Member of the Michigan House of Representatives from the 15th district 31st district (1991-1992)
- In office January 1, 1991 – December 31, 1998
- Preceded by: Bill Runco
- Succeeded by: Gary Woronchak

Member of the Michigan House of Representatives from the 31st district
- In office January 1, 1987 – December 31, 1988
- Preceded by: Bill Runco
- Succeeded by: Bill Runco

Personal details
- Born: April 21, 1925
- Died: December 27, 2013 (aged 88)
- Resting place: Woodmere Cemetery
- Spouse: Jim Cichocki
- Occupation: Politician

= Agnes Dobronski =

American politician from Michigan

Agnes Marie Dobronski (April 21, 1925 - December 27, 2013) was an American educator and politician.

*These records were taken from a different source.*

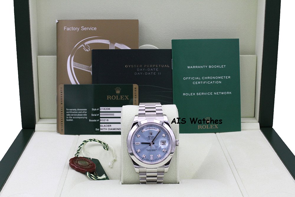 ** Rolex 218206 Platinum DayDate II 41MM DD2 Glacier Ice Blue Diamond Dial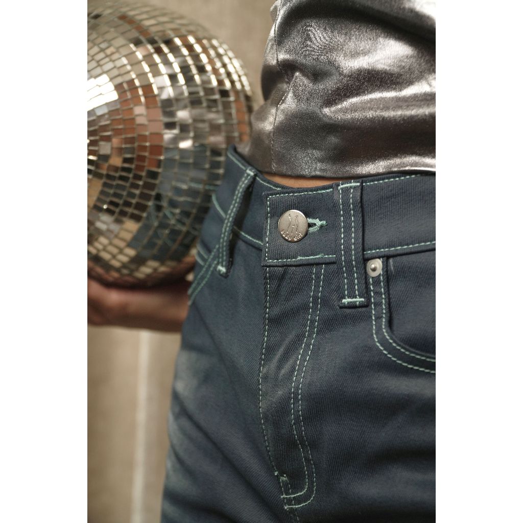 มาถึงรุ่นที่จี๊ดดดดเจ่บสุดในคอลนี้ น้องคือ Disco denim pants เป็นไอเทมที่เราได้รับ inspired จาก disco pub ซึ่งพอใส่ออกมาให้ลุคที่เหมาะกับการปาตี้สุดๆ ลุค iconic สุดๆ น้อง Disco denim pants เป็นกางเกงทรงขากระบอกใหญ่เอวต่ำ ที่ทางเราพิถีพิ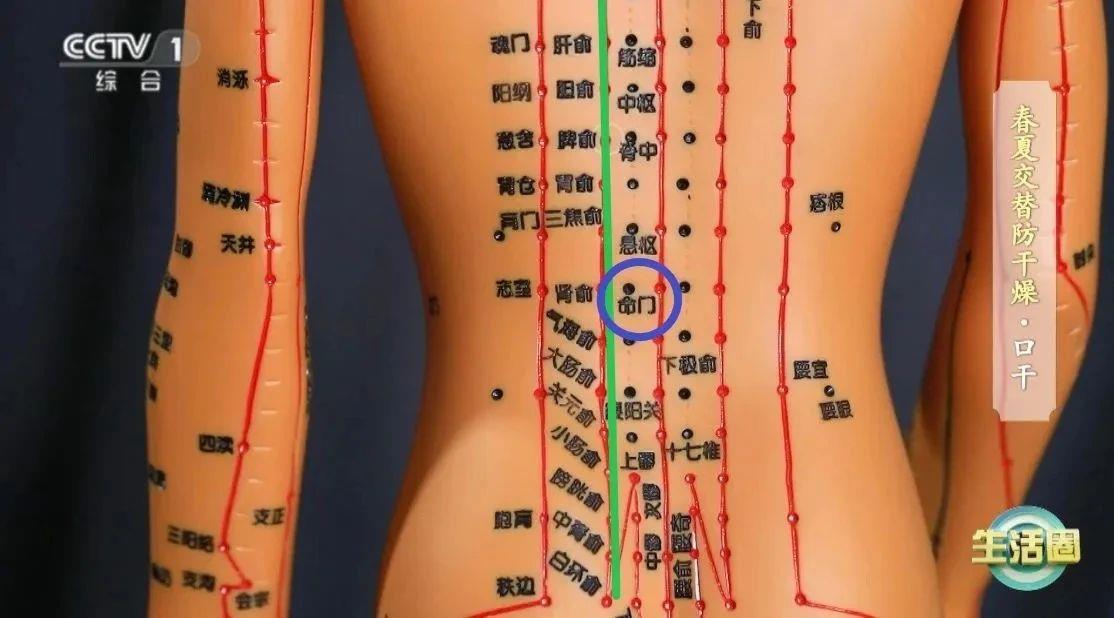命门穴:可先找到髂嵴,两侧髂嵴连线平对第4腰椎棘突,向上推2个棘突即为命门穴。

Born in Detroit, Dobronski began working for the Dearborn Public Schools as a secretary and rose to become district's business manager in a career spanning 37 years. Doronski later served on the Dearborn Public Schools Board of Education. She attended Detroit College of Business and Dearborn College of Business and later received her bachelor's and master's degrees from Eastern Michigan University and also taught at the university. Dobronski served in the Michigan House of Representatives, as a Democrat from 1987 to 1988 and from 1991 to 1998. Dobronski was married to Jim Cichoski. She died in Dearborn, Michigan.